L. acidophilus ATCC 4356 was boiled and analyzed by SDS-polyacrylamide gel electrophoresis (SDS-PAGE) to confirm that the strain we used contained the S-layer protein. The 43 kDa band corresponding to the S-layer protein was visible (Boot et al., 1993; Figure 1A). Then, the S-layer protein was extracted from L. acidophilus ATCC 4356 with GuHCl (Figure 1A). To determine the cytotoxic effect of the S-layer protein extracted from L. acidophilus ATCC 4356, we used the CCK-8 assay to detect cell viability after treatment with different concentrations of the S-layer protein (Figure 1B). We found that none of the tested concentrations exerted a cytotoxic effect on DCs.

Figure 1.

Figure 1

Analysis of SDS-PAGE and the CCK-8 assay. (A) The S-layer protein of L. acidophilus ATCC 4356 was extracted by GuHCl. The whole proteins of L. acidophilus ATCC 4356 and the extracted S-layer protein were analyzed by SDS-PAGE. (M, molecular weight marker. 4356, the whole proteins of L. acidophilus ATCC 4356. S, S-layer protein extracted from L. acidophilus ATCC 4356.) (B) The CCK-8 assay was used to assess the effect of different S-layer protein concentrations on DCs viability.

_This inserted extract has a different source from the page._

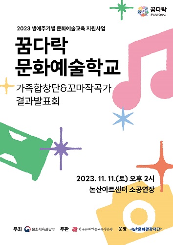 논산문화관광재단(대표이사 지진호)이 오는 11일 논산아트센터 소공연장에서 ‘2023 꿈다락 문화예술학교’ 결과발표회를 개최한다.

The stimulatory effect of the S-layer protein on DCs

After treatment of mouse DCs with the S-layer protein extracted from L. acidophilus ATCC 4356, CD86 and CD80 expressions were significantly increased but CD40 expression was not (Figures 2A–C). Furthermore, significant up-regulation was observed for CD86 and CD80, which surpassed the positive control (LPS). These observations suggested that the S-layer protein could modulate DCs maturation by activating CD86 and CD80 expression. Moreover, the results indicated that the S-layer protein could induce a very high IL-10 expression level and no significant up-regulation of TNF-α (Figures 2D,E). Thus, the S-layer protein could activate DCs maturation by up-regulating cell surface maker expression and cytokine secretion.

Figure 2.

Figure 2

S-layer protein activates DCs through up-regulation of maturation marker expression and cytokine production. (A–C) Flow cytometry analysis of the maturation markers CD86, CD80, and CD40 expressed on the surface of DCs treated with the S-layer protein (400 μg/ml) is shown. (D,E) The relative mRNA levels of IL-10 and TNF-α in DCs incubated with the S-layer protein (400 μg/ml) for 24 h were analyzed by qRT-PCR. CON, relative mRNA level in untreated DCs in these experiments; LPS, relative mRNA level in DCs treated with LPS (10 ng/ml); *P < 0.05; **P < 0.01. Results are from three different experiments.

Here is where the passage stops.